What is expected:
Everything in the listing below has to be repeated exactly, except the pictures.

Data:
• • • •

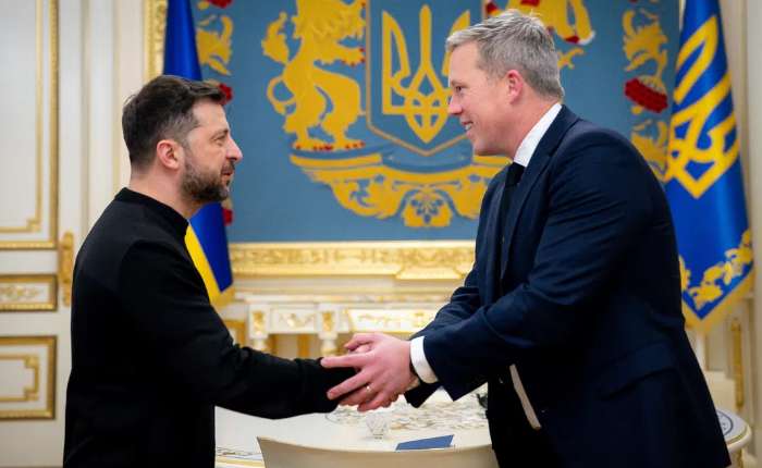 11月20日,美国陆军部长德里斯科尔(右)在基辅会见乌克兰总统泽连斯基(左)。(路透社)
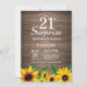 Convite rústico do aniversário de 21 anos da surpresa do girassol. Flores florais e fundo de madeira rústico. Vintage do país retro. Aniversário das mulheres. 12o 13o 15o 16o 18o 20o 2ø 30o 40th 50th 60th 90 100th do 80 do 70, algumas idades. Digitas Printable. Para uma personalização mais adicional, clique por favor "personalizam-no" botão e usam-nos nossa ferramenta de design para alterar este modelo.
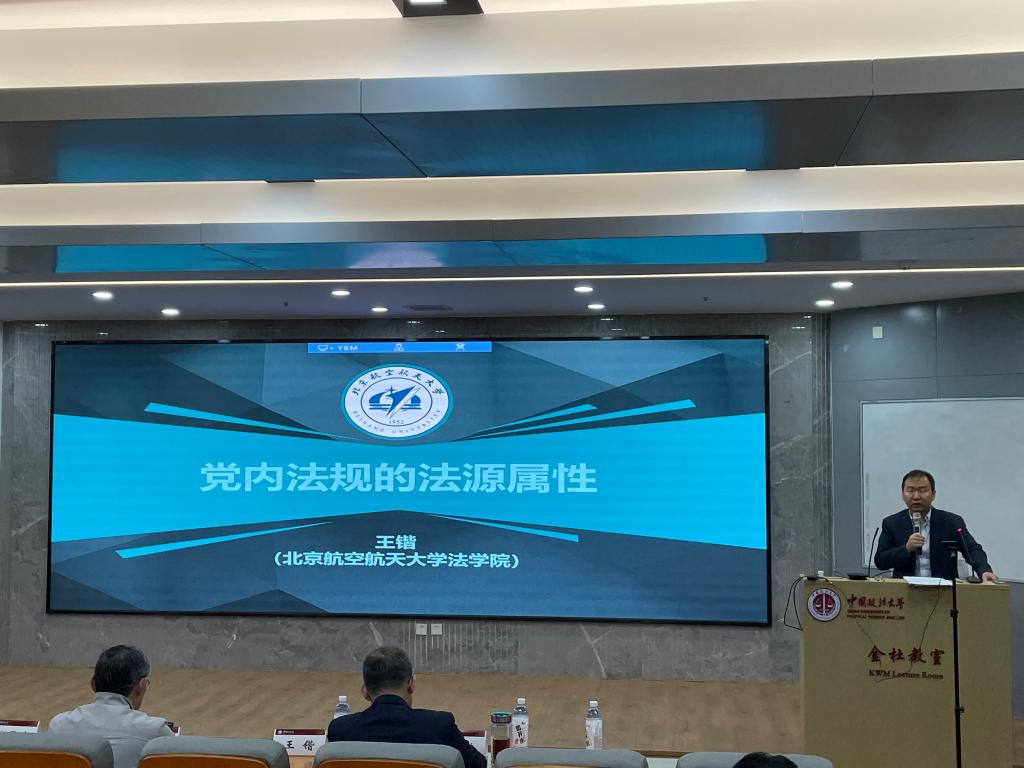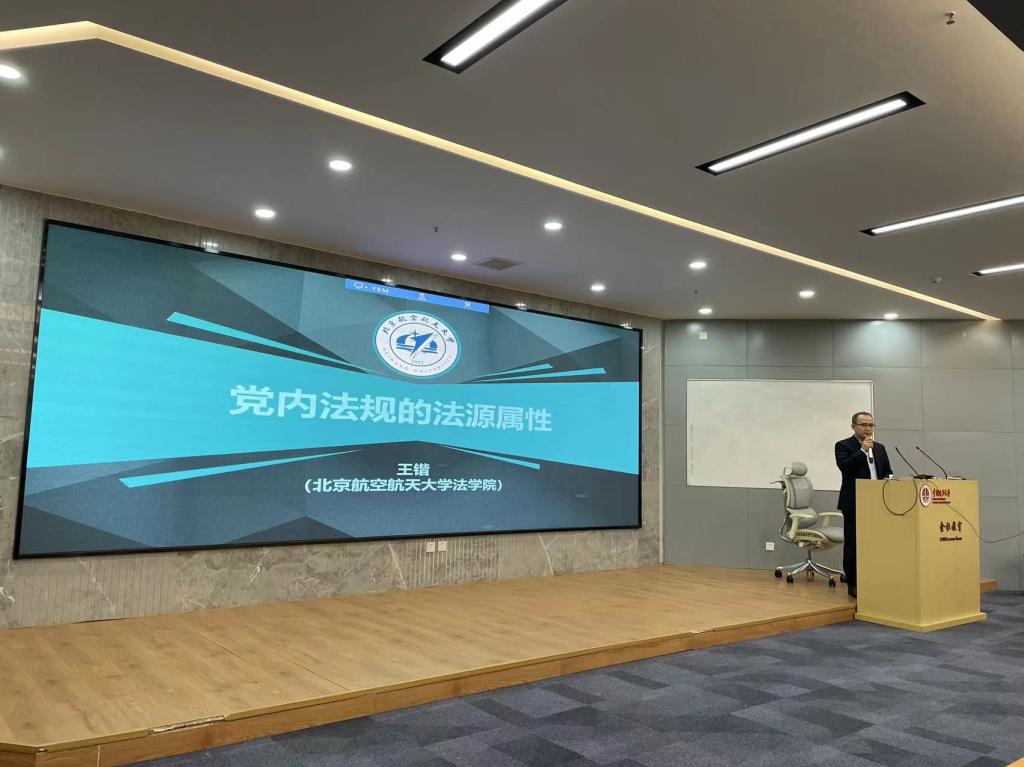 本次讲坛邀请了北京航空航天大学beat365中国官方网站王锴教授,以“党内法规的法源属性”为主题发表学术报告。讲座由党内法规研究所所长张劲副教授主持,beat365中国官方网站李树忠教授、姚国建教授、赵雪纲副教授、赵海全老师等多位老师参与了学术交流,还有近五十名名博士和硕士研究生参与了本次讲座。

• • • •

Output for this task:
 11月20日,美国陆军部长德里斯科尔(右)在基辅会见乌克兰总统泽连斯基(左)。(路透社)
 Convite rústico do aniversário de 21 anos da surpresa do girassol. Flores florais e fundo de madeira rústico. Vintage do país retro. Aniversário das mulheres. 12o 13o 15o 16o 18o 20o 2ø 30o 40th 50th 60th 90 100th do 80 do 70, algumas idades. Digitas Printable. Para uma personalização mais adicional, clique por favor "personalizam-no" botão e usam-nos nossa ferramenta de design para alterar este modelo.
 本次讲坛邀请了北京航空航天大学beat365中国官方网站王锴教授,以“党内法规的法源属性”为主题发表学术报告。讲座由党内法规研究所所长张劲副教授主持,beat365中国官方网站李树忠教授、姚国建教授、赵雪纲副教授、赵海全老师等多位老师参与了学术交流,还有近五十名名博士和硕士研究生参与了本次讲座。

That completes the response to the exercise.